• What is needed:
So that the copy stays text only, transcribe the data below exactly and exclude the images.

• Records provided:
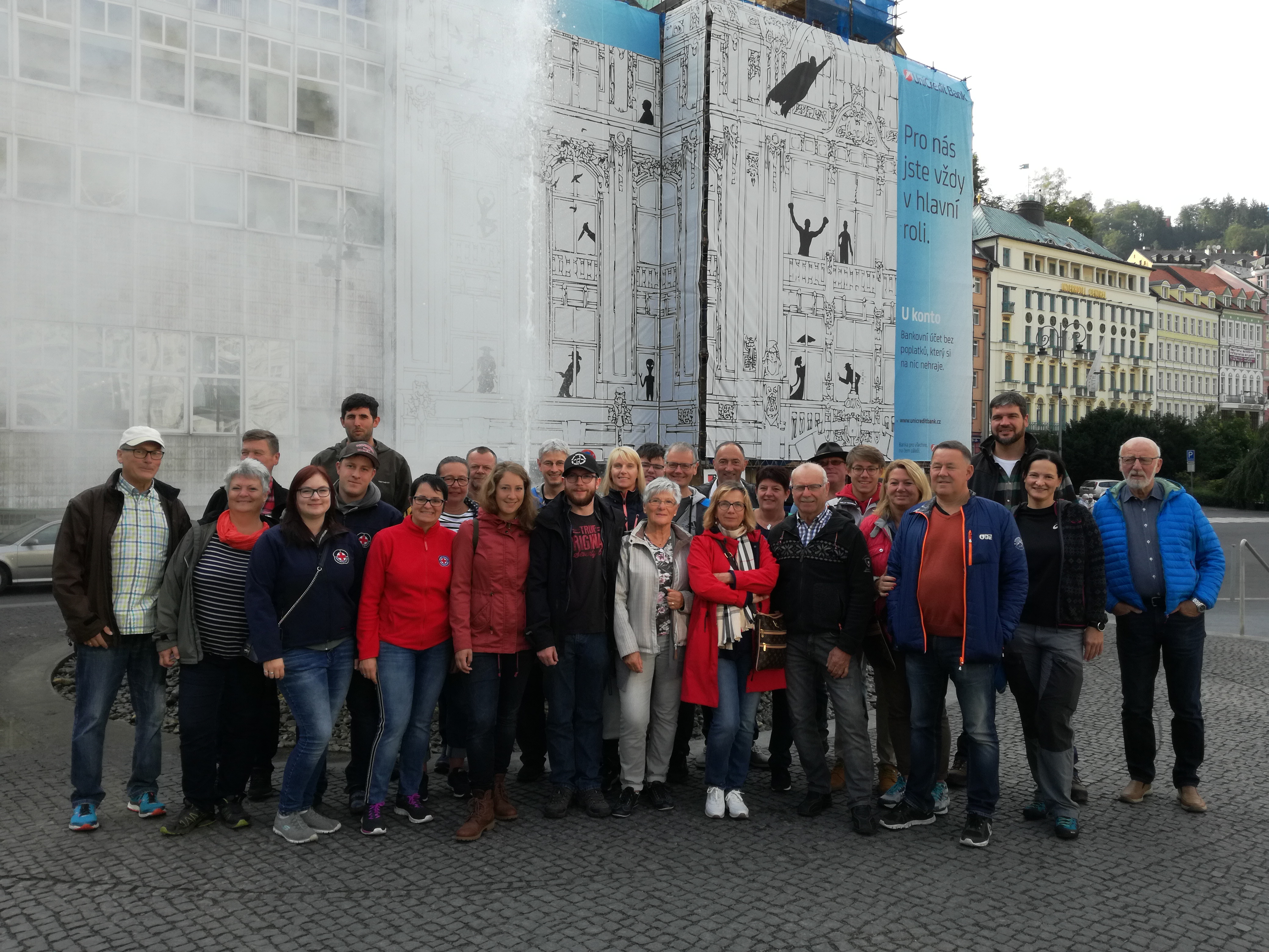Der Ausflug der Wasserwacht Waldmünchen führte dieses Mal ins Nachbarland nach Tschechien. Zuerst ging es für die 30 Wasserwachtler nach Elbogen ( Loket). Die Stadt liegt in der Biegung des Flusses Ohře (Eger), der hier inen Felsen umfließt und einen gebeugten Arm ähnelt, daher kommt auch der Name Elbogen (Loket). Hier bekamen sie eine interessante Stadtführung mit einem Reiseleiter. Es durfte natürlich auch der Besuch der Burg, die im 13. Jahrhundert zum Schutz der böhmischen Westgrenze errichtet wurde, nicht fehlen. In einer tollen mittelalterlichen Atmosphäre konnte man im Burgrestaurant sich stärken. Anschließend wanderten die Waldmünchener nach Aich (Doubí), einen Stadtteil von Karlsbad. Am Abend konnte man sich im Wellnessbereich des Hotels relaxen. Am zweiten Tag erhielt man eine Stadtführung von Karlsbad durch die Kuranlage sowie am Theater und prachtvollen Fassaden vorbei. Die Stadt wurde im 14. Jahrhundert von Karel IV. Gegründet. Der Legende nach ließ der Kaiser die Stadt unmittelbar nach Entdeckung der heißen Quellen bei einer Jagd erbauen. Auf dem Weg nach Hause, machte man einen Zwischenstopp in Windischeschenbach. Hier besichtigte man das GEO-Zentrum, eine moderne Umweltbildungsstätte. Geowissenschaftler bohrten hier 9.101 m tief in die harten Gesteine der oberpfälzischen Erdkruste. Das tiefste Loch der Welt in hartem kristallinem Festgestein. Am Ende waren sich alle einig: Es war ein tolles Wochenende! Die Vorstandschaft bedankte sich bei Josef Pfeifer für die Fahrt.
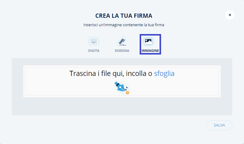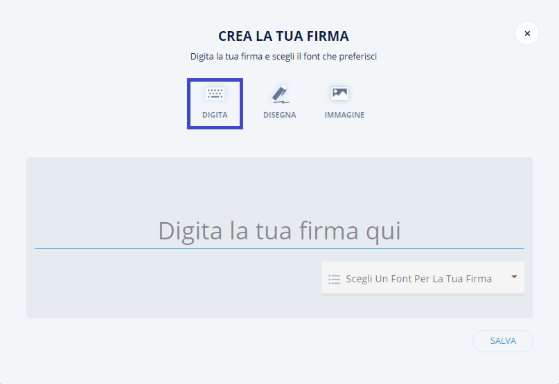 Una volta scelta la tipologia di firma desiderata, sarà necessario cliccare sul tasto Salva per confermare l’operazione.
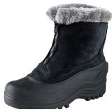 Cougar Women's Canuck Waterproof Boot - Black - Size 8. Medium width. Nylon upper. Polar plush lining. TPR outsole. Removable insole with memory foam. Fleece collar. Slip-resistant bottom. Temp rated to -22F. Waterproof. 13-1/4" calf width. 14-1/4"H. Pull-on with decorative laces to tighten This item is NEW!! In retail shoe box. Retail Price: $164.99 |
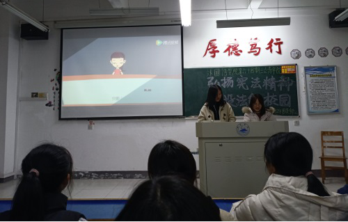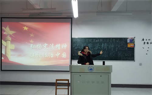 为了增强大学生的法制意识,推动当代大学生积极学习宪法,弘扬宪法精神,落实“国家宪法日”的宣传教育。12月5日pp电子游戏平台网站大一年级各班在香远楼开展了以“弘扬宪法精神,建设法制校园”为主题的第64期三立青年说暨团日活动。
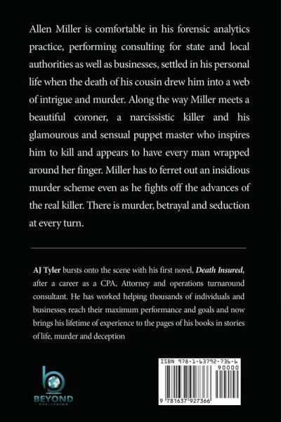 Allen Miller is comfortable in his forensic analytics practice, performing consulting for state and local authorities as well as businesses, settled in his personal life when the death of his cousin drew him into a web of intrigue and murder. Along the way Miller meets a beautiful coroner, a narcissistic killer and his glamourous and sensual puppet master who inspires him to kill and appears to have every man wrapped around her finger. Miller has to ferret out an insidious murder scheme even as he fights off the advances of the real killer. There is murder, betrayal and seduction at every turn. About the Author AJ Tyler bursts onto the scene with his first novel, Death Insured, after a career as a CPA, Attorney and operations turnaround consultant. He has worked helping thousands of individuals and businesses reach their maximum performance and goals and now brings his lifetime of experience to the pages of his books in stories of life, murder and deception
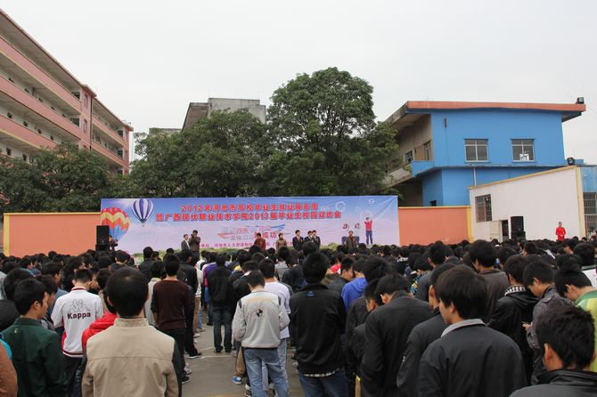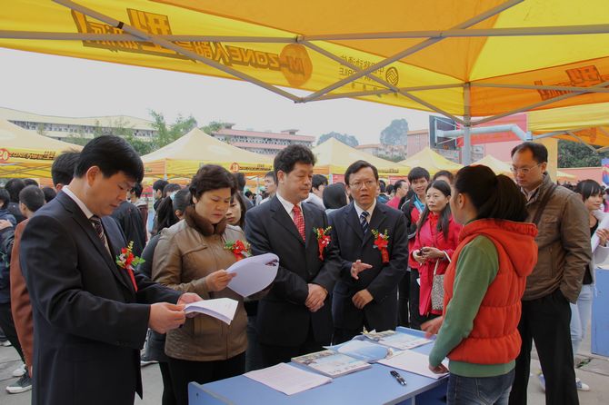 党委宣传部讯(曾严)2012年11月23日,由河池市人力资源和社会保障局、广西现代职业技术学院联合举办的2012年河池市高校毕业生就业服务周暨我院2013届毕业生校园双选会,在我院文体广场举行。河池市副市长韦祖林、学院党委书记韦伟松、河池市人力资源和社会保障局局长李凤云、河池市就业局局长韦振飞、学院副院长冯忠伟出席开幕式。开幕式由河池市人力资源和社会保障局副局长罗凤中主持。
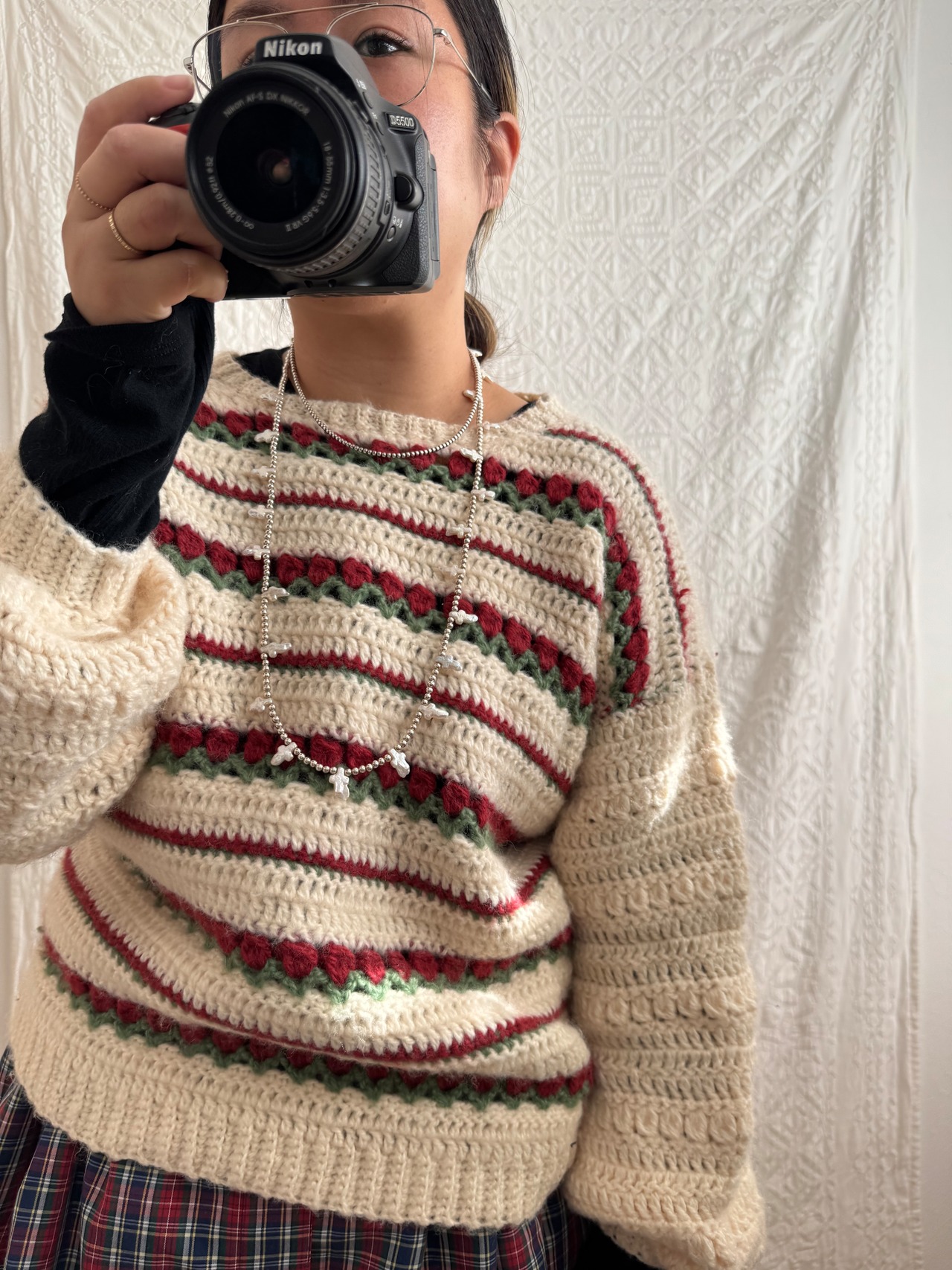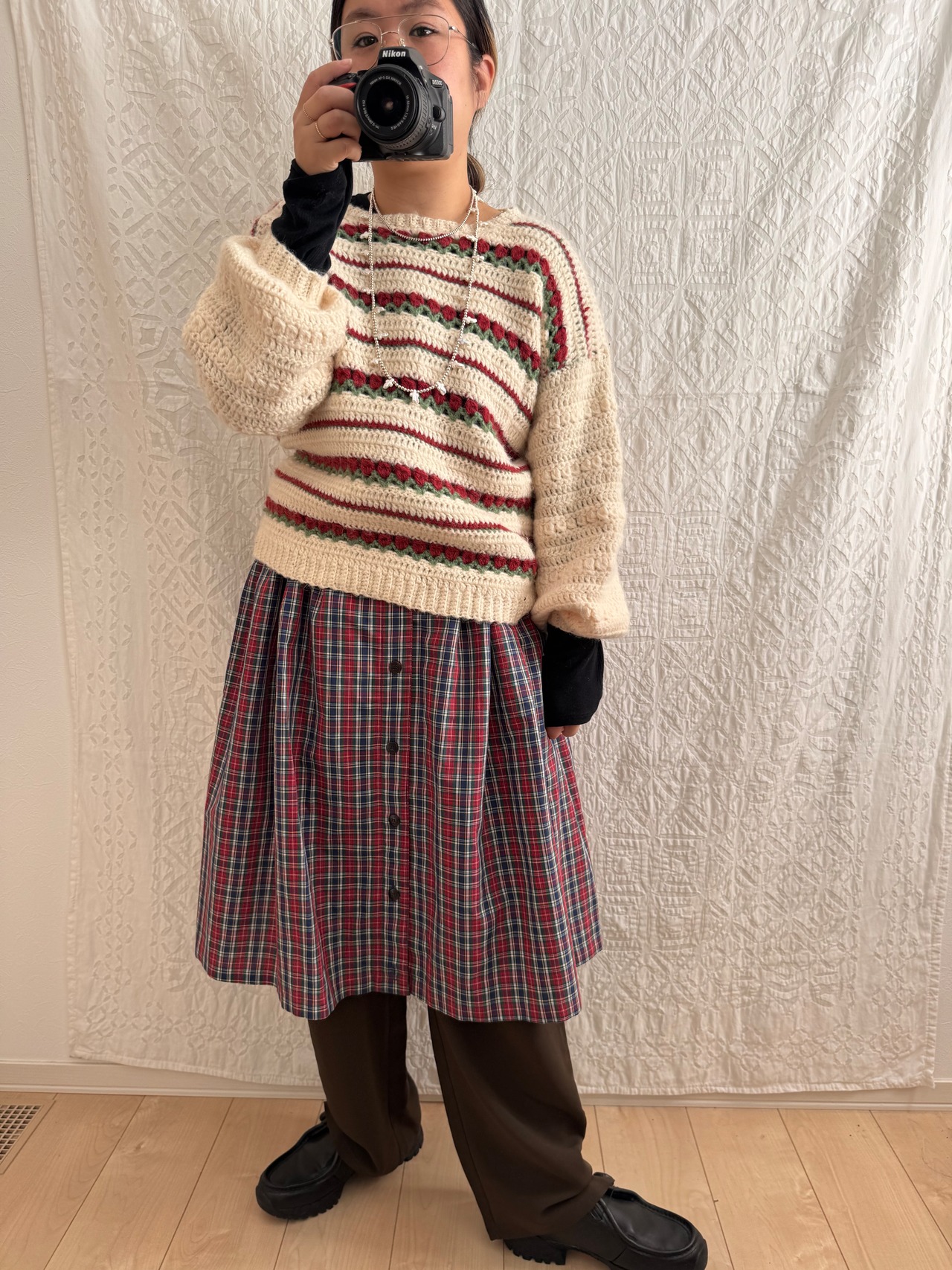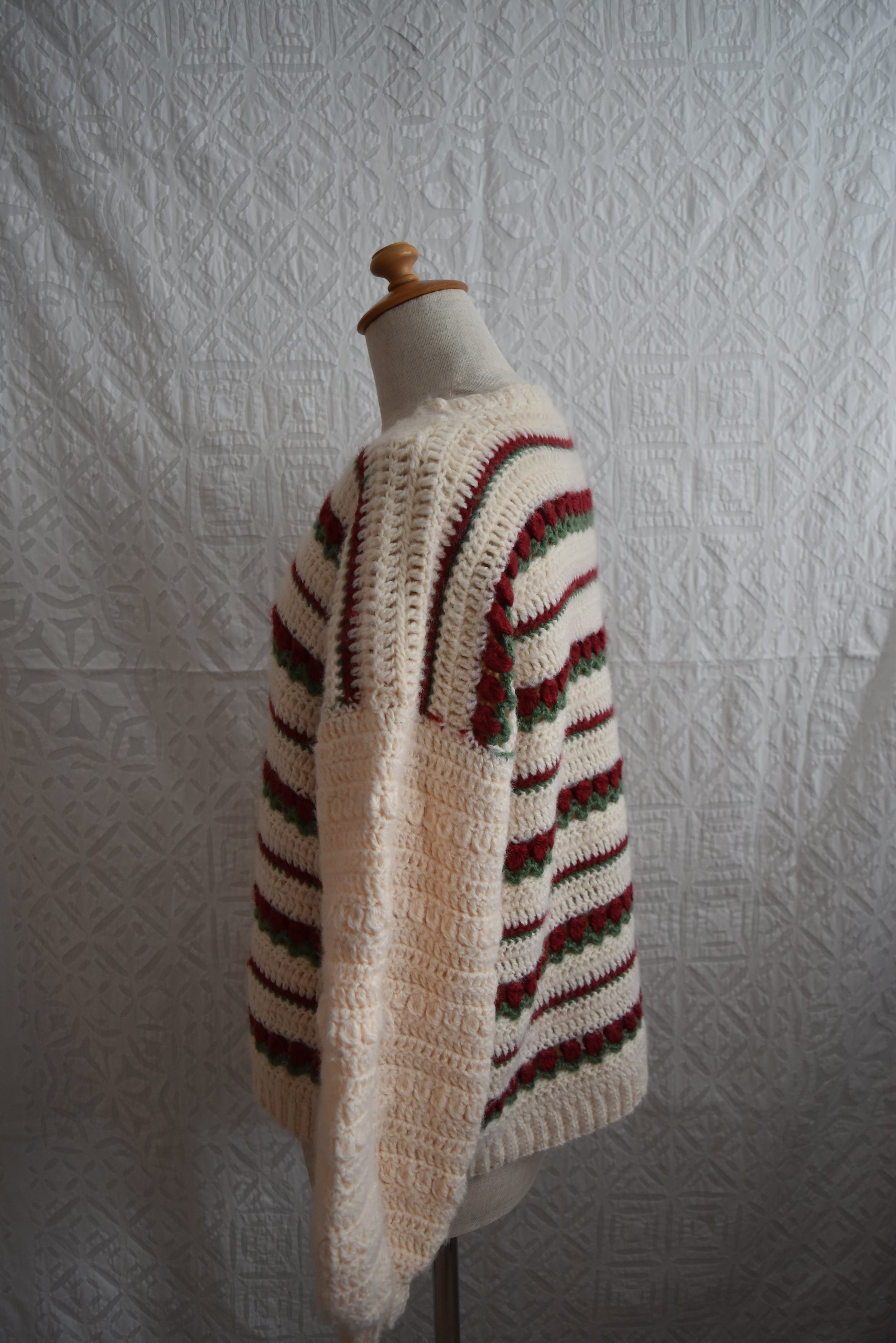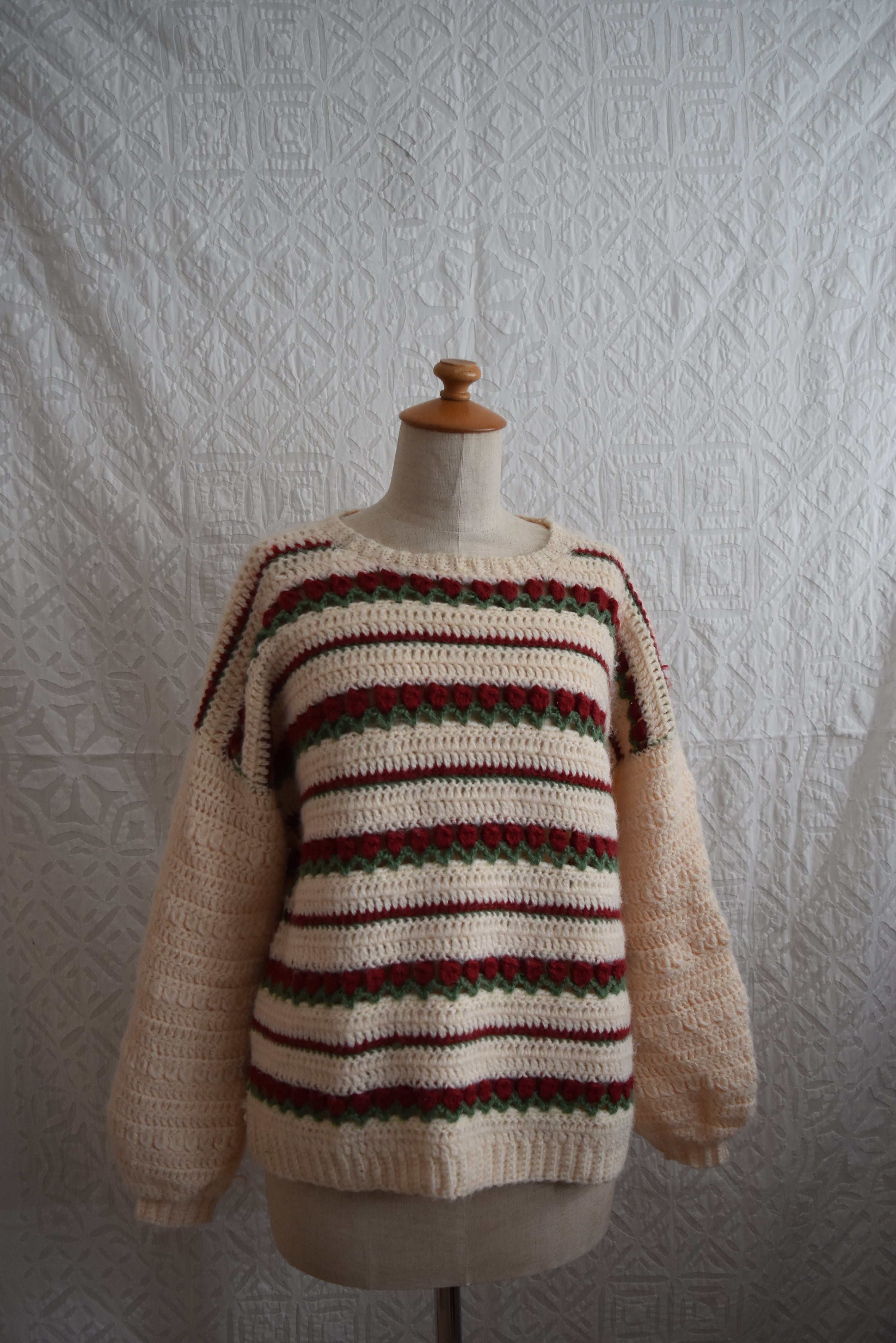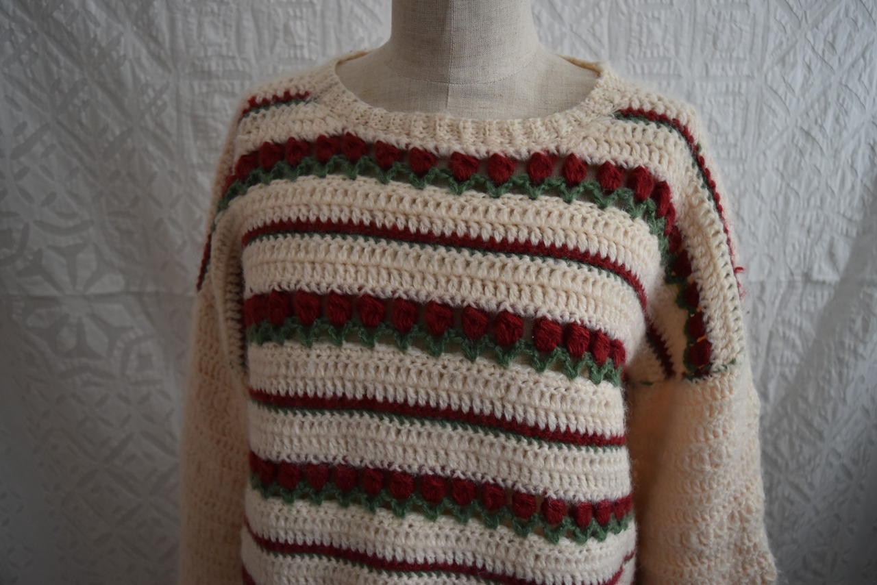 チューリップのような柄のハンドメイドニット。ホワホワしていてとっても可愛い!

• Task result:
Der Ausflug der Wasserwacht Waldmünchen führte dieses Mal ins Nachbarland nach Tschechien. Zuerst ging es für die 30 Wasserwachtler nach Elbogen ( Loket). Die Stadt liegt in der Biegung des Flusses Ohře (Eger), der hier inen Felsen umfließt und einen gebeugten Arm ähnelt, daher kommt auch der Name Elbogen (Loket). Hier bekamen sie eine interessante Stadtführung mit einem Reiseleiter. Es durfte natürlich auch der Besuch der Burg, die im 13. Jahrhundert zum Schutz der böhmischen Westgrenze errichtet wurde, nicht fehlen. In einer tollen mittelalterlichen Atmosphäre konnte man im Burgrestaurant sich stärken. Anschließend wanderten die Waldmünchener nach Aich (Doubí), einen Stadtteil von Karlsbad. Am Abend konnte man sich im Wellnessbereich des Hotels relaxen. Am zweiten Tag erhielt man eine Stadtführung von Karlsbad durch die Kuranlage sowie am Theater und prachtvollen Fassaden vorbei. Die Stadt wurde im 14. Jahrhundert von Karel IV. Gegründet. Der Legende nach ließ der Kaiser die Stadt unmittelbar nach Entdeckung der heißen Quellen bei einer Jagd erbauen. Auf dem Weg nach Hause, machte man einen Zwischenstopp in Windischeschenbach. Hier besichtigte man das GEO-Zentrum, eine moderne Umweltbildungsstätte. Geowissenschaftler bohrten hier 9.101 m tief in die harten Gesteine der oberpfälzischen Erdkruste. Das tiefste Loch der Welt in hartem kristallinem Festgestein. Am Ende waren sich alle einig: Es war ein tolles Wochenende! Die Vorstandschaft bedankte sich bei Josef Pfeifer für die Fahrt.
 Una volta scelta la tipologia di firma desiderata, sarà necessario cliccare sul tasto Salva per confermare l’operazione.
 Cougar Women's Canuck Waterproof Boot - Black - Size 8. Medium width. Nylon upper. Polar plush lining. TPR outsole. Removable insole with memory foam. Fleece collar. Slip-resistant bottom. Temp rated to -22F. Waterproof. 13-1/4" calf width. 14-1/4"H. Pull-on with decorative laces to tighten This item is NEW!! In retail shoe box. Retail Price: $164.99 |
 为了增强大学生的法制意识,推动当代大学生积极学习宪法,弘扬宪法精神,落实“国家宪法日”的宣传教育。12月5日pp电子游戏平台网站大一年级各班在香远楼开展了以“弘扬宪法精神,建设法制校园”为主题的第64期三立青年说暨团日活动。
 Allen Miller is comfortable in his forensic analytics practice, performing consulting for state and local authorities as well as businesses, settled in his personal life when the death of his cousin drew him into a web of intrigue and murder. Along the way Miller meets a beautiful coroner, a narcissistic killer and his glamourous and sensual puppet master who inspires him to kill and appears to have every man wrapped around her finger. Miller has to ferret out an insidious murder scheme even as he fights off the advances of the real killer. There is murder, betrayal and seduction at every turn. About the Author AJ Tyler bursts onto the scene with his first novel, Death Insured, after a career as a CPA, Attorney and operations turnaround consultant. He has worked helping thousands of individuals and businesses reach their maximum performance and goals and now brings his lifetime of experience to the pages of his books in stories of life, murder and deception
 党委宣传部讯(曾严)2012年11月23日,由河池市人力资源和社会保障局、广西现代职业技术学院联合举办的2012年河池市高校毕业生就业服务周暨我院2013届毕业生校园双选会,在我院文体广场举行。河池市副市长韦祖林、学院党委书记韦伟松、河池市人力资源和社会保障局局长李凤云、河池市就业局局长韦振飞、学院副院长冯忠伟出席开幕式。开幕式由河池市人力资源和社会保障局副局长罗凤中主持。
 チューリップのような柄のハンドメイドニット。ホワホワしていてとっても可愛い!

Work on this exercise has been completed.